Вот где легкая, сытая пожива! И, не задумываясь, коршун вклинился в потешный, танцующий под самыми облаками птичий хоровод. На какой–то миг грачи рассыпались, словно уступая ему дорогу, но скоро увидели, что гость несвойский, с недобрыми замашками, кинулись на коршуна всей стаей, закружили его и, не выпуская, начали теснить вверх.
Коршун любил порой забраться в подоблачную высоту, но теперь ему было страшно: отовсюду его клевали, точно готовые раздергать по перышку, яростные в своем гневе грачи. И он, будто понимая, что высота для него сейчас гибельна, начал уклоняться и еще долго принимал на себя удары, пока не вырвался из стаи и не свалился камнем на землю.
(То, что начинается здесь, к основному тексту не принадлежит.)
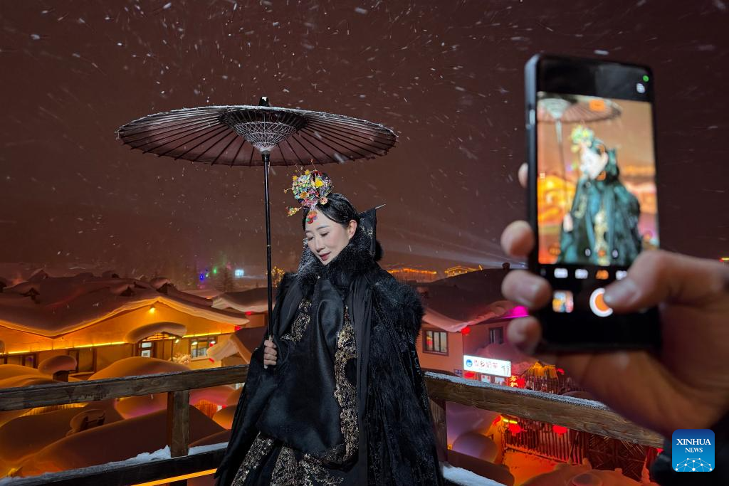A tourist poses for photos at a snow town scenic area in Hailin City, northeast China's Heilongjiang Province, Dec. 28, 2024. Located in Hailin City of Heilongjiang Province, the scenic area has seen a peak of tourism recently with the average number of daily visitors exceeding 20,000. (Xinhua/Yang Siqi)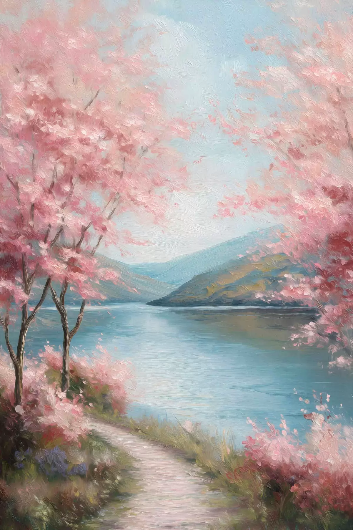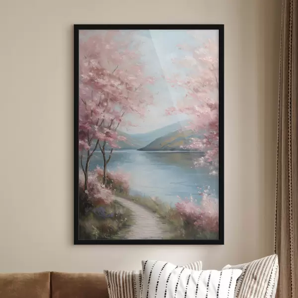 Plakat roosade puudega maastik õlimaalistiilis f48290

Упав, коршун распластал крылья, мелко и часто дышал, в ужасе поглядывая кругляшками желтых глаз на небо.
Там по–прежнему гуляли стаей грачи. Они забрались под самое солнце и кружили, то вдруг принимались кувыркаться, то сходились и взмывали один за другим, и парили, точно подвешенные в облаках. А потом, с быстротой молнии, шумно кидались вниз до земли, и в неподвижный, млеющий от жары воздух врывался прохладный ветер…
Ивановка жила день ото дня тревожнее. Правда, как и раньше, по звону щербатого колокола, подвешенного на столбе у амбара, люди спешили поутру на работу, в нетронутой тишине поля дозревали хлеба, пахло яблоками и укропом, а на заходе солнца мычали бредущие с выпасов коровы – все было, как прежде, только письма в первые недели войны ниоткуда не приходили.
Село полнилось сбивчивыми, мрачными слухами.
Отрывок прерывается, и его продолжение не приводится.